旦夕之间,甜食离沈观复而去。
这个在如狼如虎、十八般武艺样样精通的父兄手底下都能不学无术的人精,不由得怒从心头起,恶向胆边生,装出一副唬人的模样。
沈观复:“殿下,难不成是怕我吃穷了您?!”
“您尽可放心。我沈家虽不算钟鸣鼎食之家,但在漠北吃了几十年黄沙白雪,总是有些银钱留给我这个小儿子使的!”

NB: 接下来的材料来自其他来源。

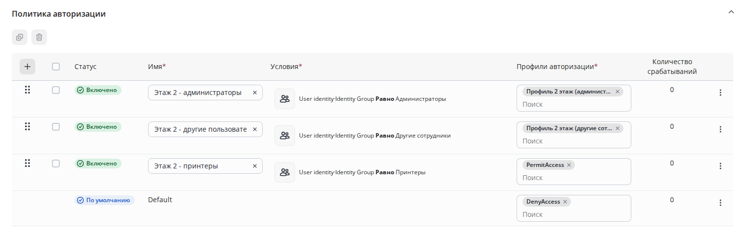 В политиках авторизации выполняется проверка правил сверху вниз, пока не будет найдено совпадающее условие. По умолчанию настроен профиль авторизации DenyAccess, согласно которому в случае, если не будет найдено ни одного правила с совпадающим условием - сетевому устройству будет отправлен ACCESS-REJECT по правилу Default.

孟显允心算:想必就是曲江道与杏林街上几处店面、皇帝赏下的若干田亩,京中的沈家旧院以及那在院子里打理百来个奴仆和一位老管家三个近卫。
沈观复坐轮椅上哼哼哼地笑出声:“届时,我要是吃独食,殿下可就不能怪罪我不讲情谊了!”
孟显允难得能被人逗出笑意,他冲外道:“三山!”
三山溜进来,应答:“主子有何吩咐?”
“日后沈伴读若要买什么吃食或让小厨房做什么点心,一应人力食材耗费从我这出;拿我的月俸,用我的私库,沈伴读要多少我给多少。”
孟显允:“务必让沈伴读如意。”
“殿下疼我,殿下英明,嘿嘿嘿。”沈观复立即舒展了面容,再度亲亲热热地巴结上来,一时间连他的笑容都贱兮兮的可爱。
往后一连晴了好些日子,只是仍旧冷得厉害。
寅时三刻,天还昏黑一片,三山提着灯笼在檐下等孟显允。
小内侍正在用长竿推屋檐下的冰棱,啪嚓声落满地。
隔着门窗三山也听见了殿里头还在哼唧的疼痛声。
三山瞧着脚下这堆明日都不见得能化的冰渣子,心道沈伴读还真是没一日让人省心。
——该。
自得孟显允口谕,沈观复这一月余可谓是彻底放开了胸怀。
不过数十日沈观复便将宫中的饴糖蜜饯吃了个痛快,以至现今,他那本就岌岌可危的半口牙彻底坏了。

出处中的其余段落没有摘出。